# The Unapologetic Mathematician

## Dual Spaces

Another thing vector spaces come with is duals. That is, given a vector space $V$ we have the dual vector space $V^*=\hom(V,\mathbb{F})$ of “linear functionals” on $V$ — linear functions from $V$ to the base field $\mathbb{F}$. Again we ask how this looks in terms of bases.

So let’s take a finite-dimensional vector space $V$ with basis $\left\{e_i\right\}$, and consider some linear functional $\mu\in V^*$. Like any linear function, we can write down matrix coefficients $\mu_i=\mu(e_i)$. Notice that since our target space (the base field $\mathbb{F}$) is only one-dimensional, we don’t need another index to count its basis.

Now let’s consider a specially-crafted linear functional.

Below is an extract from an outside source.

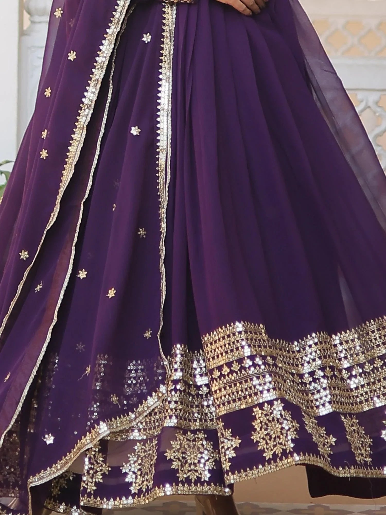 • Introducing our fabulous purple sequins georgette festival wear gown with dupatta, a stunning outfit that will make you stand out at any festive occasion. Made from charming purple georgette material, this readymade gown is elegantly embroidered with golden thread and sequins work, giving it a touch of luxury and sophistication. The similar color georgette dupatta complements the gown perfectly with its sequins embroidered work and designer lace details.
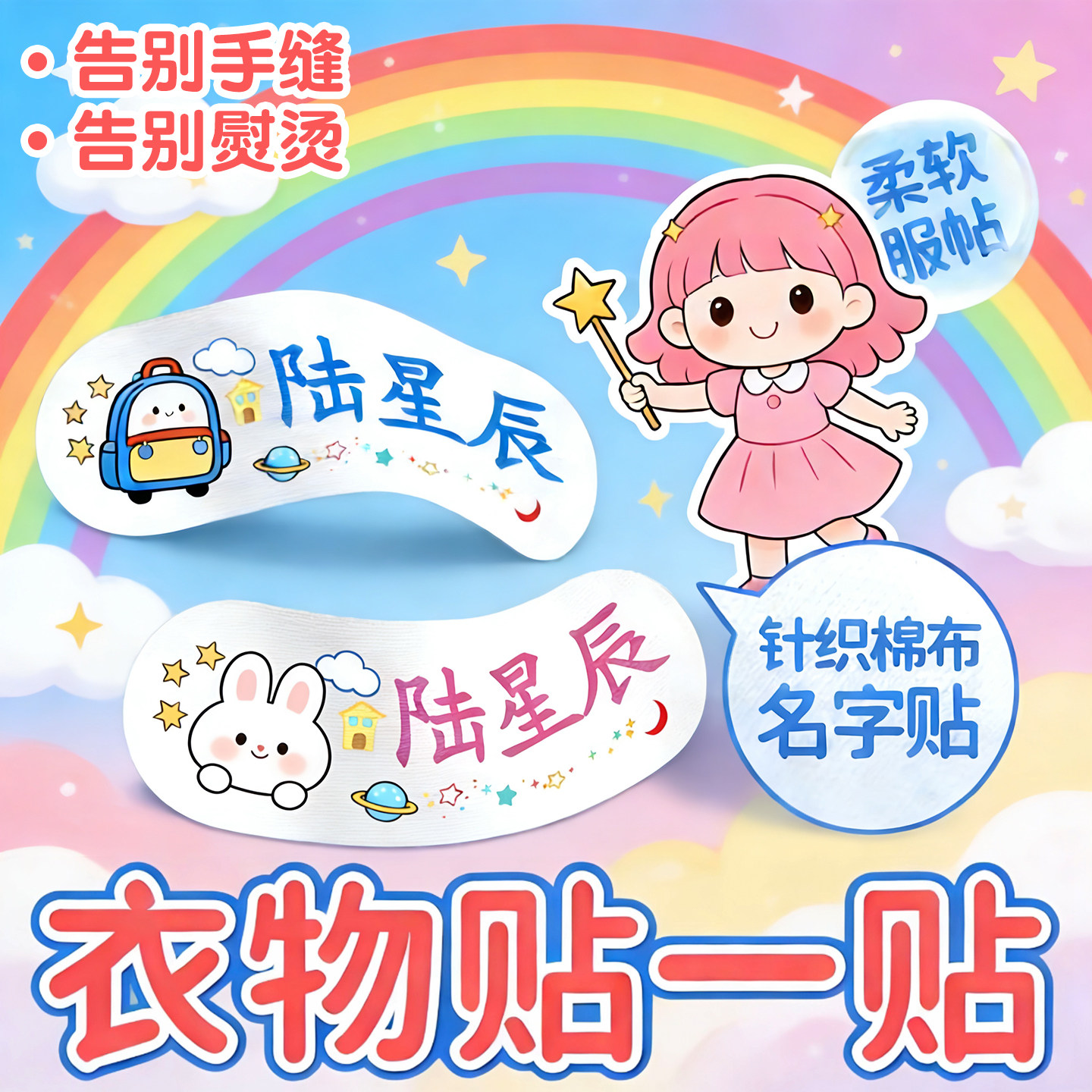 幼儿园姓名贴自粘贴棉布衣服名字贴免缝防水防撕小学生棉被褥大号

We can define one however we like on the basis vectors $e_i$ and then let linearity handle the rest. So let’s say our functional takes the value ${1}$ on $e_1$ and the value ${0}$ on every other basis element. We’ll call this linear functional $\epsilon^1$. Notice that on any vector we have

$\epsilon^1(v)=\epsilon^1(v^ie_i)=v^i\epsilon^1(e_i)=v^1$

so it returns the coefficient of $e_1$. There’s nothing special about $e_1$ here, though. We can define functionals $\epsilon^j$ by setting $\epsilon^j(e_i)=\delta_i^j$. This is the “Kronecker delta”, and it has the value ${1}$ when its two indices match, and ${0}$ when they don’t.

Now given a linear functional $\mu$ with matrix coefficients $\mu_j$, let’s write out a new linear functional $\mu_j\epsilon^j$. What does this do to basis elements?

$\mu_j\epsilon^j(e_i)=\mu_j\delta_i^j=\mu_i$

so this new transformation has exactly the same matrix as $\mu$ does. It must be the same transformation! So any linear functional can be written uniquely as a linear combination of the $\epsilon^j$, and thus they form a basis for the dual space. We call $\left\{\epsilon^j\right\}$ the “dual basis” to $\left\{e_i\right\}$.

Now if we take a generic linear functional $\mu$ and evaluate it on a generic vector $v$ we find

$\mu(v)=\mu_j\epsilon^j(v^ie_i)=\mu_jv^i\epsilon^j(e_i)=\mu_jv^i\delta_i^j=\mu_iv^i$

Once we pick a basis for $V$ we immediately get a basis for $V^*$, and evaluation of a linear functional on a vector looks neat in terms of these bases.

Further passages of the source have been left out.